# Why do we refer to the denominator of Bayes' theorem as "marginal probability"?

Consider the following characterization of the Bayes' theorem:

Bayes' Theorem

Given some observed data $$x$$, the posterior probability that the paramater $$\Theta$$ has the value $$\theta$$ is $$p(\theta \mid x) = p(x \mid \theta) p (\theta) / p(x)$$, where $$p(x \mid \theta)$$ is the likelihood, $$p(\theta)$$ is the prior probability of the value $$\theta$$, and $$p(x)$$ is the marginal probability of the value $$x$$.

Is there any special reason why we call $$p(x)$$ the "marginal probability"? What is "marginal" about it?

• "Marginal" does not mean "barely making the grade" but that the probability has been derived from a joint probability. The numerator is this instance is $p(x\mid \theta)p(\theta) = p(x,\theta)$ which is the joint probability and $p(x)$ (as well as $p(\theta)$) are marginal probabilities of they are derived from $p(x,\theta)$. Jun 26 '15 at 2:40
• "Marginal probability" means the same thing here that it means in other contexts, i.e. "unconditional". (The meaning is context-dependent, since all probabilities are conditional.) $\qquad$ Sep 27 '16 at 7:20

If you consider a joint distribution to be a table of values in columns and rows with there probabilities entered in the cells, then the "marginal distribution" is found by summing the values in the table along rows (or columns) and writing the total in the margins of the table.
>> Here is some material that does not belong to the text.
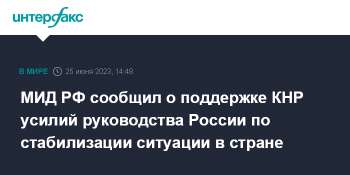 "Китайская сторона выразила поддержку усилиям руководства Российской Федерации по стабилизации ситуации в стране в связи с событиями 24 июня и подтвердила заинтересованность в укреплении сплоченности и дальнейшем процветании России", - говорится в сообщении российского МИД, размещенном на сайте ведомства.
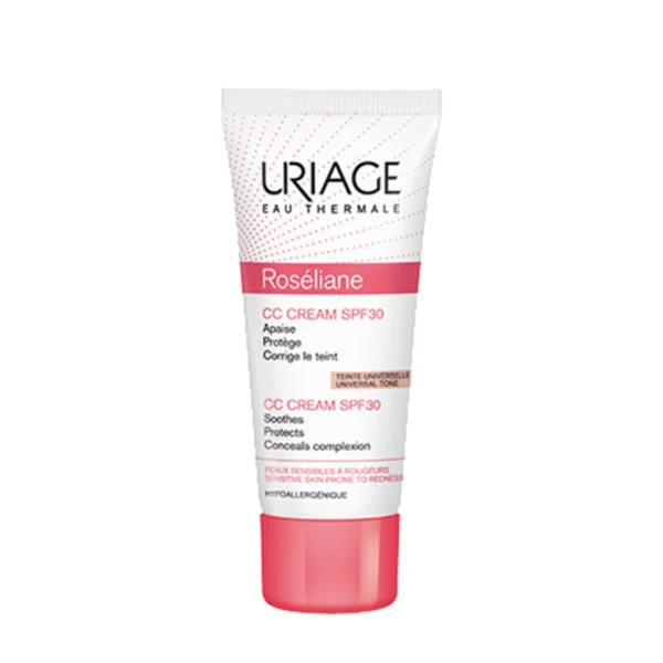 Uriage Roséliane CC Cream SPF 30 40 ml à la texture onctueuse et non grasse est un soin tout-en-un dédié aux peaux sensibles, sujettes aux rougeurs.

$$\begin{array}{c c} & X \\ \Theta & \boxed{\begin{array}{c|cc|c} ~ & 0 & 1 & X\mid \Theta \\ \hline 0 & 0.15 & 0.35 & 0.5 \\ 1 & 0.20 & 0.30 & 0.5 \\\hline \Theta\mid X & 0.35 & 0.65 & ~\end{array}}\end{array}$$

• Yes, though I am not sure I understand your $\Theta \mid X$ or $X \mid \Theta$. I would have thought $0.65$ was $\mathbb{P}(X=1)$ Sep 27 '16 at 7:23
• I hope you are aware of the fact that your answer is confusing. $\Theta \mid X$ is often used to represent "$\Theta$ given $X$" (a conditional) and not to represent a marginal. A marginal is just X or $\Theta$. Furthermore, the OP asked why p(x), the denominator is called a "marginal" probability. I think that the doubt lies in the fact that p(x) is called marginal, whereas $p(\theta)$ is called prior, but both can be calculated as marginals.
– nbro
Jan 18 '19 at 23:49

To me, bayes theorem is all about inverting likelihood functions, and in that context calling it marginal probabity makes sense.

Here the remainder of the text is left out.